Но особист будто не услышал его. [52]

— Ну, пусть по всеобщей воинской повинности, там еще куда ни шло. А теперь... Стыдно, товарищ Шпакевич, стыдно! Я вот сейчас бумагу напишу. Сопроводительную. — Он выдрал из толстого блокнота листок, начал быстро набрасывать текст. — Вот, — сложил он листок, — пойдешь в Овчинец, это близко отсюда, километра полтора, доложишься, как положено. Туда недавно ушла сформированная нами рота... из таких вот, вроде тебя. Там как раз и понадобишься. Учти, командир роты — мой хороший знакомый. Так что посылаю тебя почти по его просьбе. А в дальнейшем, если ничего не случится, имей в виду, у нас тут, в отделе, тоже работенки хватает.

— Но мне же надо свой полк искать, — взмолился Шпакевич. — Обязан доложить, что задание мы с Холодиловым выполнили.

— Делай, как приказано! — не стал слушать старший лейтенант. — Где твой Холодилов?

— Ждет, чтобы войти сюда.

— Конечно, его тут только и не хватало. Нет, товарищ Шпакевич, бери своего подчиненного и топай в роту к Зимовому. В конце концов сам отвечай за своего Холодилова. А то и правда, кубики спрятал в карман и притворяется.

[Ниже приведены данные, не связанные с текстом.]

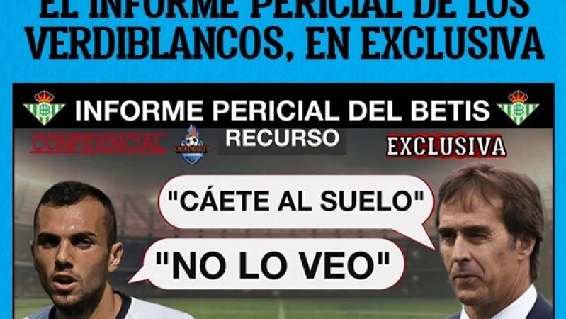 En primera instancia, el jugador se encontraba en perfectas condiciones, e incluso el médico le dijo que lo que tenía era minúsculo. Tras eso, el delegado del Sevilla le comunica algo a Lopetegui, y este al futbolista. Es entonces cuando comienza todo. "Cáete al suelo", dice el técnico, a lo que deja anonadado a Jordán. ¡Atención al informe pericial del Real Betis!

— Да не прятал я их! Просто...

— Ясно, что просто.

Но не успел Шпакевич оказаться у ворот, как сверху на сеновал спикировал немецкий самолет. Чудно, но до той минуты, пока не заревел он над головами, никто не услышал даже гула, как будто фашист подкрался внезапно. Самолет не дал очередь из пулемета, не стрелял из пушки. Он только сбросил на сеновал бомбу. Одну-единственную. Но она не попала в сеновал. Разорвалась метрах в двадцати, расколов пополам толстенную сосну, одиноко стоявшую на бывшей вырубке.

Казалось, кроме расколотой сосны, сброшенная бомба никого не зацепила, не нашла себе другой жертвы. Больше того, было похоже, что она не успела испугать красноармейцев, которые еще с ночи стояли и сидели вокруг сеновала. Во всяком случае, так думал Шпакевич, когда после взрыва выскочил за ворота. Но то, что он увидел в следующий момент, заставило его содрогнуться. [53] Холодилов, его Холодилов лежал у ворот на боку, и по виску его, пробитому осколком, лилась кровь.

Говорят, на войне гибнут самые лучшие люди!

Неизвестно, лучшим ли человеком из всех добрых людей был Холодилов или нет, однако смерть его переживал Шпакевич сильно. Кажется, большей потери даже и представить нельзя было в жизни.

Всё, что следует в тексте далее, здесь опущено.